Tom Naughton owns the nutritional establishment and give us hope for the future in just 20 minutes

Tom Naughton used to be a full time stand-up comedian but, although he’s still funny, he’s spending more time these days spreading the word about what truly healthy eating is. He also produced the movie Fat Head (a revealing and entertaining watch if you haven’t seen it yet). Tom has a blog here. It’s one of the blogs I read as regularly as I can and I recommended it wholeheartedly in my last book.

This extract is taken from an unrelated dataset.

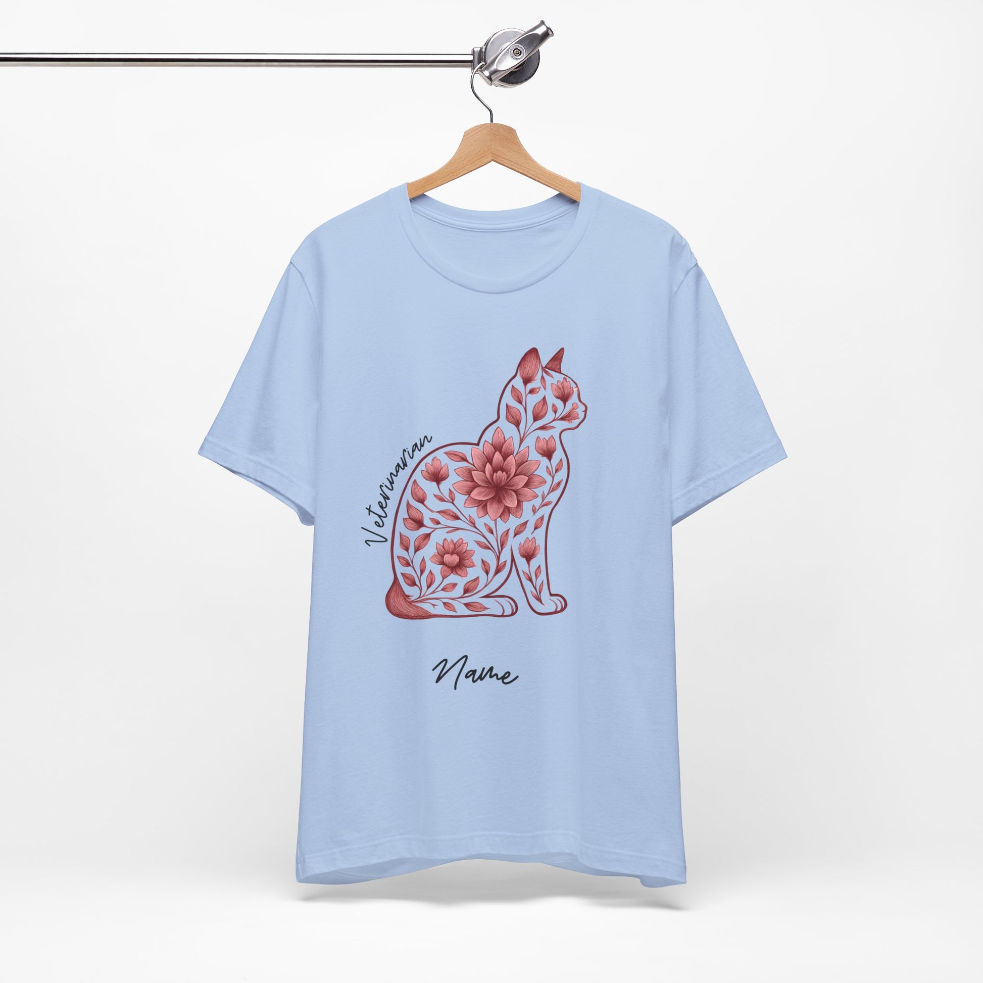 Beautiful cat floral pattern shirt for veterinarians. Personalize with your name. Makes the perfect gifts for your favorite vet. This classic jersey short sleeve tee fits like a well-loved favorite. Soft cotton and quality print make users fall in love with it over and over again. These t-shirts have-ribbed knit collars to bolster shaping. The shoulders are tapered for a better fit over time. Dual side seams hold the garment's shape for longer.

Tom recently gave a 20-minute talk in Washington DC in which he gives a (I think) great summary of the dunderheaded dietary advice given to us by government agencies, health groups and most health professionals. He also highlights the fact that people are increasingly looking for help on-line, and finding it in the form of blogs and within social media. He makes the point that getting information this way can be better and more useful than taking, say, one piece of advice from a so-called ‘expert’ who just so happens to have it all wrong. He’s right.

Tom’s presentation gives us cause for optimism. He seems to be rightly aware that people appear to be turning away from conventional sources of information in their droves, and that people are increasingly looking for genuinely helpful dietary advice in all the right places. If I had 20 minutes to say what I feel is wrong with conventional dietetic advice and where people would be better off looking for useful (and science-based) information and advice, I hope it would come out a lot like Tom’s talk. See below.

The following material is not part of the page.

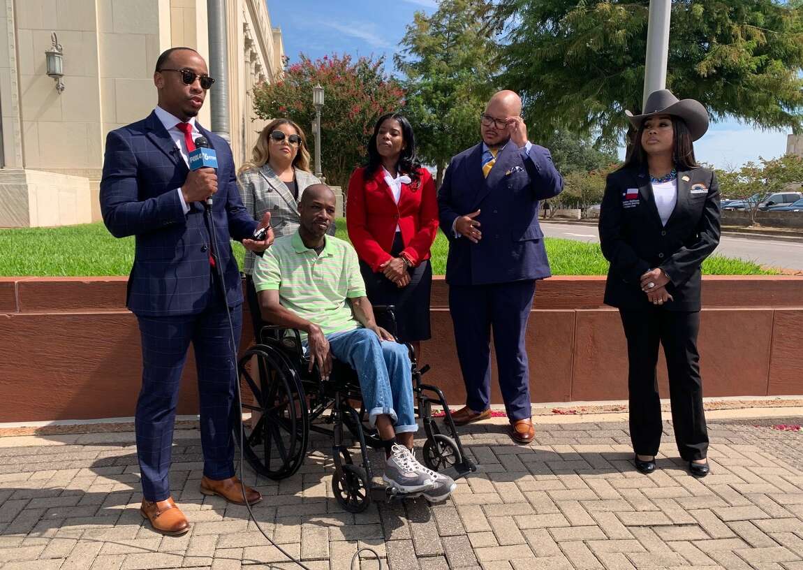Attorney Preston Strickland of Houston-based Strickland Law Firm on Thursday addresses the lawsuit his client Christopher Shaw, center, and other attorneys are filing after Shaw was paralyzed while in the custody of Beaumont Police. Photo taken July 14, 2022. Photo by Olivia Malick/The Enterprise Photo by Olivia Malick/ The Enterprise

25 Responses to Tom Naughton owns the nutritional establishment and give us hope for the future in just 20 minutes

  1. jake3_14 19 March 2012 at 11:59 pm #

    This is classic Naughton: a concise and accessible summary of the current state of affairs and trends.

    Why were so few people clapping at the end? Were few in the audience, or were they mostly defenders of the old guard?

  2. Dr John Briffa 20 March 2012 at 12:10 am #

    Jake – only five people in the audience, apparently. Though through the miracle of the internet, a few more should be seeing and enjoying Tom’s talk soon….

  3. Rachel 20 March 2012 at 3:09 pm #

    I half agree with this. If I was a diabetic who had finally found success in controlling my blood sugar levels, I may agree totally. But I’m a fat person who has had equal success in loosing weight on a higher carb and higher protein diets, and equal failure in maintaining weight loss.

    I’m always concerned when high protein diets are promoted, where little thought is given to the type of meat/protein. Good quality lean meat is expensive, and not all people can afford this luxury. Some would say not to worry about saturated fat content – so eating lots of bacon, minced beef, burgers, sausages, cheap cuts of fatty or processed meat could be seen to be OK. I’d love to read a blog post about this. I’ve trawled your archives but can’t find anything.

  4. Dr John Briffa 20 March 2012 at 3:21 pm #

    Rachel

    Put ‘saturated fat’ in the search box and see what you come up with. One option might be to cook cheaper cuts of meat in the form of a stew or casserole.

  5. Rachel 20 March 2012 at 4:48 pm #

    Thanks – but the casserole idea doesn’t quite cut it. Because I have an interest in diets, people sometimes ask me for advise about theirs. These are often poor people – and as we all know – poor people in this country are often fat people. Junk food is cheap. I often refer to you as a source of info for low carb diets – but am reluctant to do so if the person is poor. In the good old days they went out and killed a beast. Now, we have pre packed meats in supermarkets – not cheap unless you want the fatty or processed variety. I can’t recommend this way of eating when the hungry user is likely to pig-out on any old processed scrag-end of ‘meat’, day in, day out.

    There has to be a healthy diet for rich and poor alike (as well as those of us in the middle, who don’t have a pinched middle…) and I intend to find it. I expect it will be more like a low GL diet.

    I’ll keep referring people to your site though ; )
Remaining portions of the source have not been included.